Even if progress stopped tomorrow, the fact that the nuclear agreement with Iran has gone into effect is already a big deal. If Iranian President Hassan Rouhani can find a way to build off of it to forge broader changes inside of Iran, it could turn out to be even bigger.
For starters, it’s worth paying attention to how Iran conducts elections that will be held late next month.
One doesn’t have to be – and shouldn’t be – starry-eyed about what has happened so far. Yes, Iran has shipped 98 percent of its enriched uranium out of the country, dismantled centrifuges and mothballed a reactor capable of producing plutonium. Yes, many sanctions have been lifted and Iran is quickly being reconnected to the global economy and financial system. Most important, yes, military action seems to be off the table — at least for the time being.
But if Iran’s leadership, including Supreme Leader Ayatollah Ali Khamenei, find it useful now to downplay differences with the United States that goes only so far.
The Revolutionary Guards and other bastions of the conservative, anti-U.S. establishment haven’t exactly disappeared.
For the foreseeable future, relations between Iran and much of the rest of the world, including the U.S., will be largely transactional. Areas of cooperation such as the release of U.S. sailors last week or the prisoner swap that accompanied formal implementation of the nuclear agreement will be offset by Iran’s support of Hezbollah and Syrian President Bashar Assad, its missile program and many other deep differences.
The U.S. still considers Iran to be a sponsor of terrorism, and many other U.S. sanctions remain in effect. The Obama administration is under pressure (and seems inclined, anyway) to keep the screws on the Iranians. So it imposed some new, limited sanctions to punish Iran for its missile tests, which violate U.N. resolutions.
Iran now gets access to an estimated $100 billion stashed offshore, it will increase oil and gas exports, and open its doors for badly needed investment. It’s already buying a lot of new passenger planes and looking for oil markets in India and Europe. But it’s not as if Iranians think all their problems are over.
The deal comes into effect, of course, as global oil prices are plummeting. They fell Monday to below $30 a barrel. So, even though Iran plans to quickly increase production by half a million barrels a day, each barrel will be worth a lot less than when the deal was being negotiated.
Reporting from inside Iran suggests that a lot of people who have struggled for years with a weak economy are skeptical that they’ll see huge improvements.
That brings us to the elections. While Iran’s not exactly a democracy, its politics are quite diverse and free-wheeling.
Rouhani was elected in 2013 on a promise to improve the economy, and he is touting the nuclear agreement as a huge step toward doing just that. He appeared to race to meet Iran’s obligations to get the sanctions lifted so his allies could benefit in the Feb. 26 election from a bump in support. Beyond that, he himself faces reelection in two years.
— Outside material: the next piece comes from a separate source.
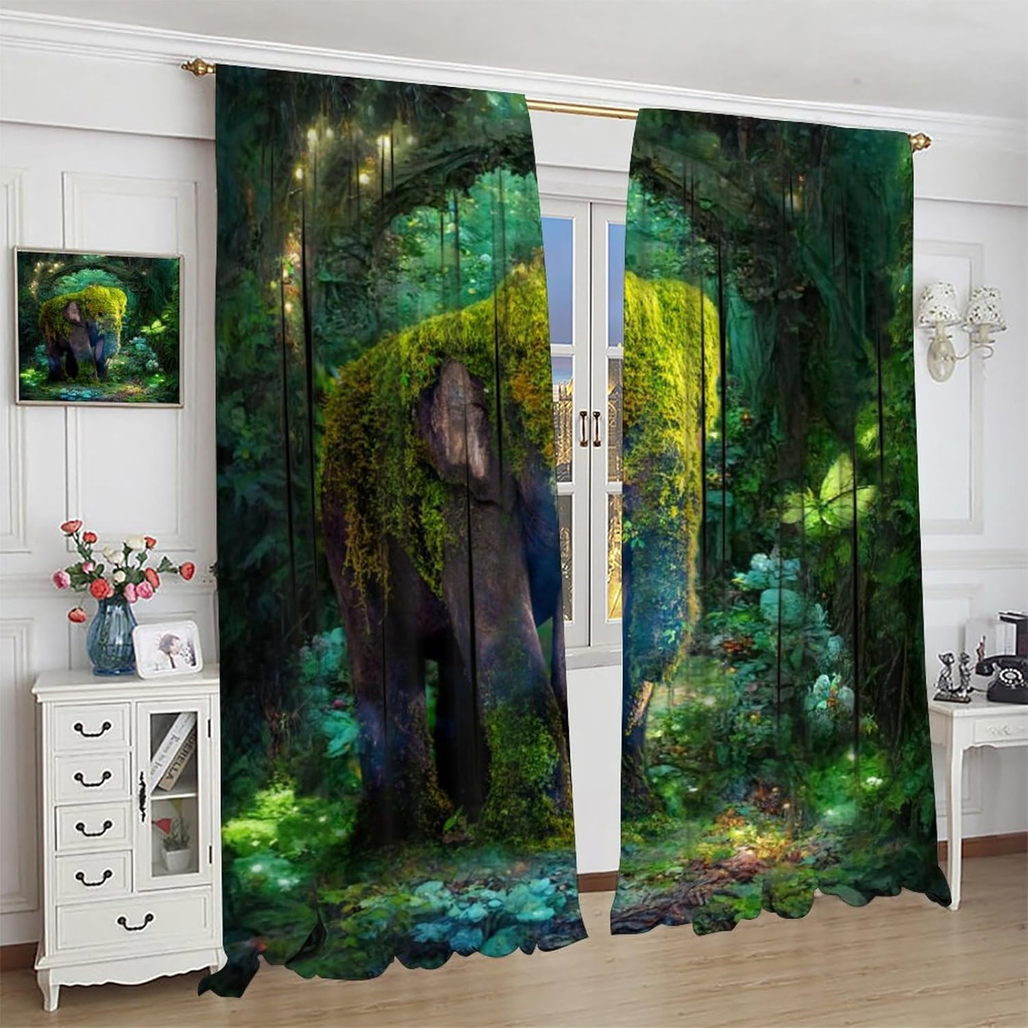 brebasf Funny Forest Wildlife Elephant Patterned Blackout Curtains Comes in eight sizes: Total size: 45" L × 42" W (114cm × 107cm),Includes two pieces, each of which measures:45" length × 21" width (114cm × 53.5cm). Total size: 54" L × 42" W (137cm × 107cm),Includes two pieces, each of which measures:54" length × 21" width (68.5cm × 53.5cm). Total size: 63" L × 42" W (160cm × 107cm),Includes two pieces, each of which measures:63" length × 21" width (160cm × 53.5cm). Total size: 63" L × 55" W (160cm × 140cm),Includes two pieces, each of which measures:63" length × 27.5" width (160cm × 70cm). Total size: 63" L × 63" W (160cm × 160cm),Includes two pieces, each of which measures:63" length × 31.5" width (160cm × 80cm). Total size: 72" L × 63" W (183cm × 160cm),Includes two pieces, each of which measures:72" length × 31.5" width (183cm × 80cm). Total size: 63" L × 72" W (160cm × 183cm),Includes two pieces, each of which measures:63" length × 36" width (160cm × 91.5cm). Total size: 84" L × 84" W (214cm × 214cm),Includes two pieces, each of which measures:84" length × 42" width (214cm × 107cm). This Fantasy Cartoon African Animal Elephant Tropical Plant Tree Green Leav Curtains liven up your indoor or outdoor spaces with a sense of airiness and beauty.Function: 1. Made of durable polyester fiber,soft and light. 2 The package includes: 2 panels. Curtain material: 98% polyester fiber. Provide a beautiful appearance for your bedroom,living room or office. 3. The curtains are grommet,which can be used with any standard curtain rods. Our products can be used as living room,room curtains. Mother's Day,Christmas,Halloween,Thanksgiving,New Year's party decorations at home! We believe that you will like this curtain as much as we do. If you are not satisfied with our products,please contact us,we will solve any problems encountered by the products for you,so that you are satisf

He has to try to build up as much enthusiasm as he can among those weary and doubtful voters. Down the road, he’ll have to show some results. And he’ll have to try to counter the pushback that is certain to come from the conservative establishment.
Iran actually will have two elections at the end of February. One is for the Majlis, its 290-member parliament. A second body called the Assembly of Experts, which is composed of 86 senior clerics, is also up for election. That group is important because among its duties is selection and monitoring of the supreme leader. Khamenei is in his late 70s, and is said to be ailing. So within its new eight-year term, the Assembly of Experts elected next month may choose Khamenei’s successor.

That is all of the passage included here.